Jeudi 7 novembre 2024
Concerts & dépendances
samedi 26 juin 2021 à 00h11
Au théâtre de l’Athénée, fin de saison et fin d’une ère – celle du directeur Patrice Martinet, auquel va succéder le tandem Olivier Mantei et Olivier Poubelle : Salomé, d’Oscar Wilde, Richard Strauss et quelques autres par le collectif berlinois Hauen und Stechen, connu in loco pour un Notre Carmen qui n’était effectivement pas celle de tout le monde (voir ici) mais laissait une impression d’inachevé, rappelant la théorie d’Antoine Vitez selon laquelle pour jouer un fou, il ne suffit pas de faire des folies, auquel cas on ne voit pas un fou, mais un monsieur qui fait n’importe quoi. De la folie aussi dans cette Salomé, mais contrôlée et donnant à réfléchir autant qu’à réagir. Certes, il faut suivre, et accepter une esthétique trash typique de la scène germanique. Il faut aussi lire la note d’intention du collectif, où l’on parle de « célébrer l’obsession de Salomé pour le Mystère » et où l’on apprend que la partition de Strauss sera librement adaptée pour petit ensemble et augmentée « d’autres matériaux », le texte de Wilde, en allemand et français (l’original) étant confronté à l’Hérodias de Flaubert ou aux Moralités légendaires de Jules Laforgue. Il nous est rappelé aussi que c’est à La Comédie Parisienne - qui allait devenir l’Athénée - que la pièce a été créée et que la Loïe Fuller (très drôlement représentée ici) a dansé sa version du mythe, tous voiles déployés. Pourquoi tout cela, qu’on ne trouverait pas (ou trop enfoui) dans le chef-d’œuvre de Strauss ? Franziska Kronfoth (metteure en scène), Roman Lemberg (direction musicale) et la troupe (puisqu’il s’agit d’une « écriture de plateau ») se gardent bien d’en donner le fin mot (ou d’en choisir un), mettant Wilde en exergue (« Le mystère de l’amour est plus grand que le mystère de la mort ») au terme d’une "Danse des sept voiles" plutôt originale, où il nous est rappelé, geste à l’appui, que l’Apocalypse (en français la Révélation) mène à la « chose dévoilée ». Au Moyen Age, on croyait que la représentation d’une tête sur un plat guérissait les maux de tête et de gorge. Raison de plus pour tenter l’expérience. 
François Lafon 

Athénée Louis-Jouvet, Paris, jusqu’au 30 juin (Photo © Christina Schmitt)

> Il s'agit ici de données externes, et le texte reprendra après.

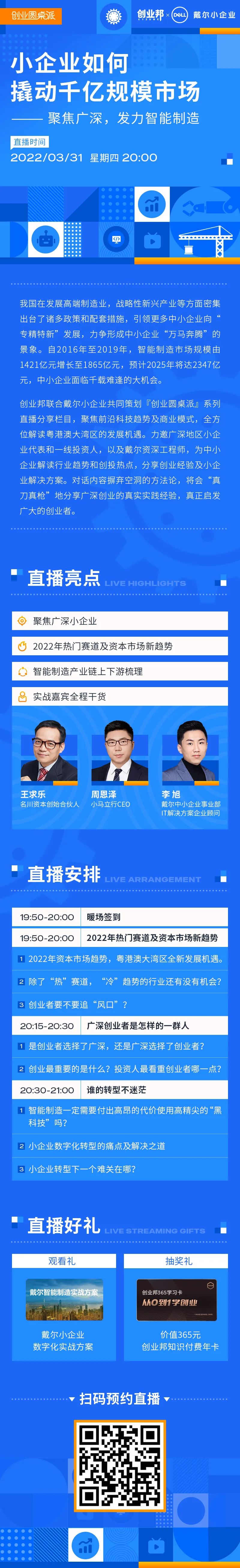 2022年3月31日20:00-21:00,创业邦与戴尔联手,共同策划「创业圆桌派」直播栏目,将针对智能制造产业链上下游,聚焦产业发展领跑全国的广深地区,从投资人、创业者、戴尔企业顾问三方视角进行分析,围绕创投趋势、创业思考、数字化转型小企业成功案例等展开话题。
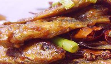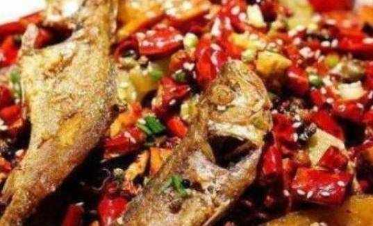 3、熱鍋放油,油燒至6成熱,下一條鯽魚,用文火浸魚肉,變成魚骨仙貝,撈出裝盤,澆上上桌的麻辣味汁,冷卻後即可食用。

Rescapé de la crise sanitaire, filmé à Bordeaux sans public, V’lan dans l’œil arrive au Châtelet : salutaire pour un spectacle qui n’est que surenchère d’énergie entre scène et salle. Une forme de justice aussi pour le Palazzetto Bru Zane, qui avec Les Chevaliers de la Table ronde (voir ici) et Mam’zelle Nitouche entre autres, a beaucoup œuvré pour rendre sa place à Hervé, rival malheureux d’Offenbach aux yeux de l’oublieuse postérité. D’autant que ce premier succès du « Compositeur toqué » montre aussi bien sinon mieux que ses ouvrages postérieurs son génie à dynamiter de l’intérieur le grand style et ses prétentions. Car, V’lan dans l’œil, qui s’appelait au départ L’œil crevé - titre rendant mieux compte d’un aveuglement généralisé mais probablement moins vendeur – n’est autre qu’une parodie délirante du Freischütz de Carl Maria von Weber, prototype de l’opéra romantique allemand défendu en France par Berlioz en personne. Le public moderne n’ayant pas forcément les références adéquates, les candidats à sa résurrection doivent trouver d’autres points d’ancrage. Pierre-André Weitz y poursuit sa réflexion rôdée sur les ouvrages précités, d’autant mieux à sa place que si elle pouvait parler (ou chanter), la scène du Châtelet aurait beaucoup à dire sur la question. Epuisants ce surjeu permanent, voire cette hystérie généralisée - facilités et trivialités comprises - valeureusement soutenus par sa troupe habituelle où l’on reconnait les excellents Damien Bigourdan, Flannan Obé et Olivier Py en personne – se distrayant en marquise de cabaret de ses lourdes responsabilités directoriales (le festival d’Avignon !) ? Certainement, mais témoin aussi d’une époque où ce n’est qu’avec le « trop » que l’on rend compte d’une société. Celle d’Hervé ou la nôtre ? A vous de choisir, ou non… En attendant, chapeau à l’Orchestre (Pasdeloup), au chef Christophe Grapperon et aux chanteurs-acteurs, car pour en être la parodie, V’lan dans l’œil requiert à peine moins de qualités que Le Freischütz lui-même. Dommage seulement que les nombreux dialogues parlés ne soient pas captés avec plus de clarté. 
François Lafon 

Théâtre du Châtelet, Paris, jusqu’au 23 juin, dans le cadre du 8ème festival Palazzetto Bru Zane  (8 juin – 31 juillet) – Captation sur le site Opera on video (Photo©Eric Bouloumié)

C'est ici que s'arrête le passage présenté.